Eine Erstattung der im Einspruchsverfahren entstandenen Kosten lehnte sie jedoch ab.
Entscheidung
Vor Gericht hatte die Klägerin Erfolg. Gemäß § 77 Abs. 1 Satz 1 EStG kommt eine Erstattung von Kosten des Vorverfahrens für Einsprüche "gegen die Kindergeldfestsetzung" in Betracht. Ob eine Kostenerstattung über den Wortlaut des § 77 Abs. 1 Satz 1 EStG hinaus auch bei Einspruchsverfahren infrage kommt, die sonstige Verwaltungsakte in Kindergeldsachen zu Gegenstand haben, wie namentlich Bescheide im Abzweigungsverfahren ist in der Literatur umstritten (dagegen Bergkemper, in Hermann/Heuer/Raupach, EStG, § 77 EStG Rz. 2; Dürr, in Frotscher, EStG, § 77 EStG Rz. 4; wohl auch Felix, in Kirchhof/Söhn/Mellinghoff, EStG, § 77 EStG Anm. B3; dafür Helmke, in Helmke/Bauer, A.I., EStG, § 77 EStG Rz. 5; Pust, in Littmann, EStG, § 77 EStG, Rz. 4; Greite, in Korn, EStG, § 77 Rz. 4 EStG; Reuß, in Bordewin/ Brandt, EStG, § 77 EStG Rz. 5; Claßen, in Lademann, EStG, § 77 EStG Rn. 2) und ist finanzgerichtlich bislang noch nicht entschieden worden.
Das Finanzgericht ging von einer Kostenerstattung nach § 77 Abs. 1 EStG auch in Abzweigungsfällen aus. § 63 SGB X ermöglichte vor der Neuregelung des Kindergeldrechts durch das Jahressteuergesetz 1996 eine Kostenerstattung grundsätzlich für alle erfolgreichen Widerspruchsverfahren in Kindergeldsachen. Eine Abzweigung des Kindergelds an das Kind war nach der Regelung des § 48 SGB I, welcher § 74 Abs. 1 EStG nachgebildet ist, ebenfalls vorgesehen, sodass sich die Kostenerstattung nach § 63 SGB X grundsätzlich auch auf derartige Fallkonstellationen erstreckte. Nach der Gesetzesbegründung (vgl. BT-Drucks. 13/1558, 162) sollte durch § 77 EStG eine Schlechterstellung gegenüber dem bisherigen Recht vermieden werden.

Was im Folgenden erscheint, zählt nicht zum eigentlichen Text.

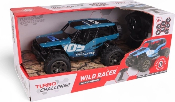 A TURBO CHALLENGE Wild Racer RC autó ideális választás kezdőknek és fiatal versenyzőknek egyaránt. A masszív fém szerkezetnek és a gumibroncsoknak köszönhetően különféle felületekkel birkózik meg, miközben kiváló stabilitást tart fenn. A rugós lengéscsillapítók minden keréken hatékonyan nyelik el az egyenetlenségeket, így biztosítva a sima haladást.
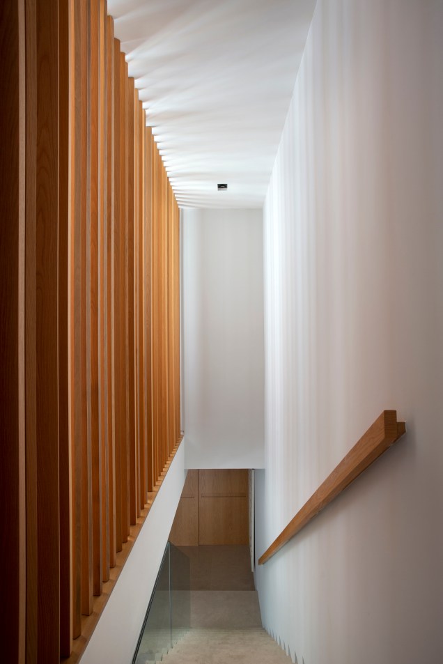 O mesmo limestone foi utilizado para revestir a escada de desenho leve, que recebeu um guarda-corpo em vidro transparente. No segundo piso, brises articulados em peroba oferecem segurança à circulação.
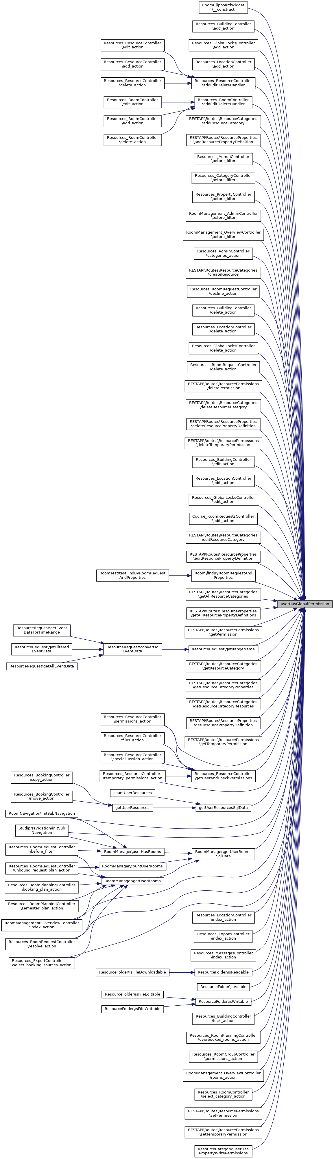 | static | userHasGlobalPermission (User $user, $requested_permission='user') |
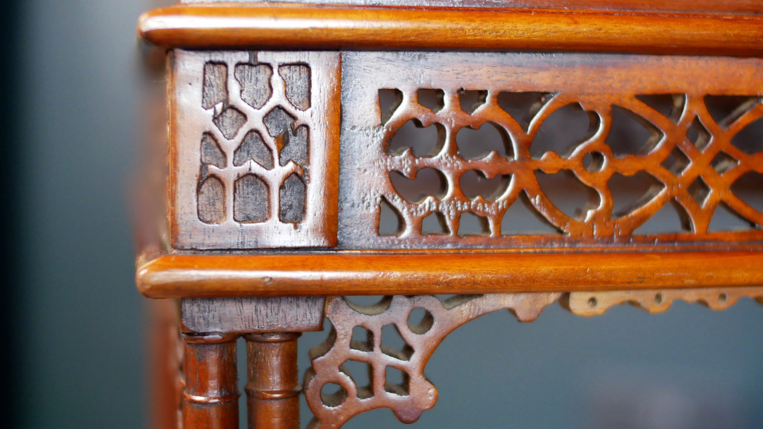 * Intricate fretwork gallery and apron
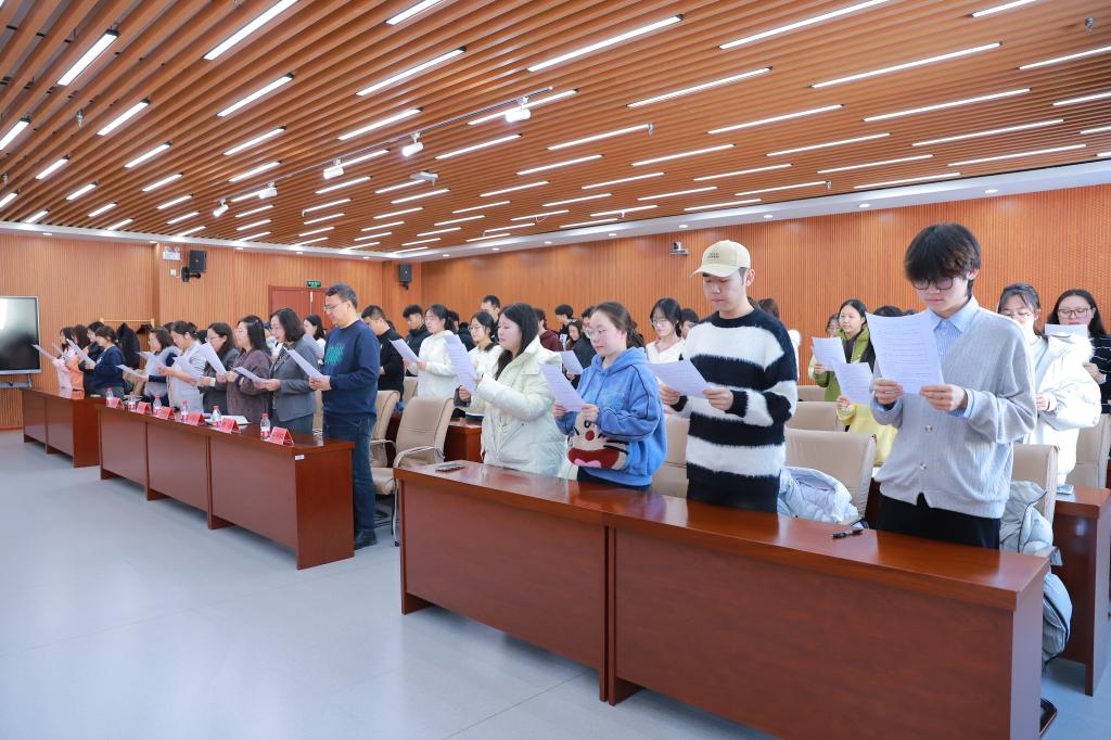 12月4日上午,教育部举行2025年国家宪法日教育系统“宪法晨读”活动。我校在崇文楼A501会议室组织师生在线收看直播,党委宣传部、学生工作处、法学与经济管理学院负责同志及师生代表共70余人参加活动。

Dieses erklärte Ziel würde bei einer engen Wortlautauslegung verfehlt.
Im Übrigen sei auch kein Grund erkennbar, dem Einspruchsführer in Abzweigungsfällen eine Erstattung seiner notwendigen Aufwendungen zu verwehren (so auch Bergkemper, in Herrmann/Heuer/Raupach, EStG, § 77 EStG Anm. 2).
Hinweis
Ferner war in diesem Fall auch die Hinzuziehung eines Bevollmächtigten, der nach den Vorschriften des Steuerberatungsgesetzes zur geschäftsmäßigen Hilfeleistung in Steuersachen befugt ist, notwendig. Dies sei, so die Richter, aus der Sicht eines verständigen Bürgers vom Wissens- und Erkenntnisstand des Rechtsbehelfsführers zu beurteilen (vgl. BFH-Urteil in BFH/NV 2003, S. 25). Bei der Entscheidung hierüber seien deshalb auch die zu § 139 Abs. 3 Satz 3 FGO entwickelten Kriterien entsprechend heranzuziehen (vgl. FG München, Urteil v. 25.7.2007, 4 K 29/04, EFG 2007, S. 1704). Regelmäßig sind dabei keine allzu strengen Maßstäbe anzulegen. Vor dem Hintergrund, dass die Grundsätze, wann eine Abzweigung in Betracht kommt und wann nicht, dem rechtlichen Laien nicht bekannt sind und dass gegebenenfalls auch anwaltliche Beratung hinsichtlich der Form der Einspruchserhebung vonnöten ist (vgl. dazu BFH, Urteil v. 23.7.2002, VIII R 73/00, BFH/NV 2003, S. 25), ist die Hinzuziehung eines Bevollmächtigten als erforderlich anzusehen.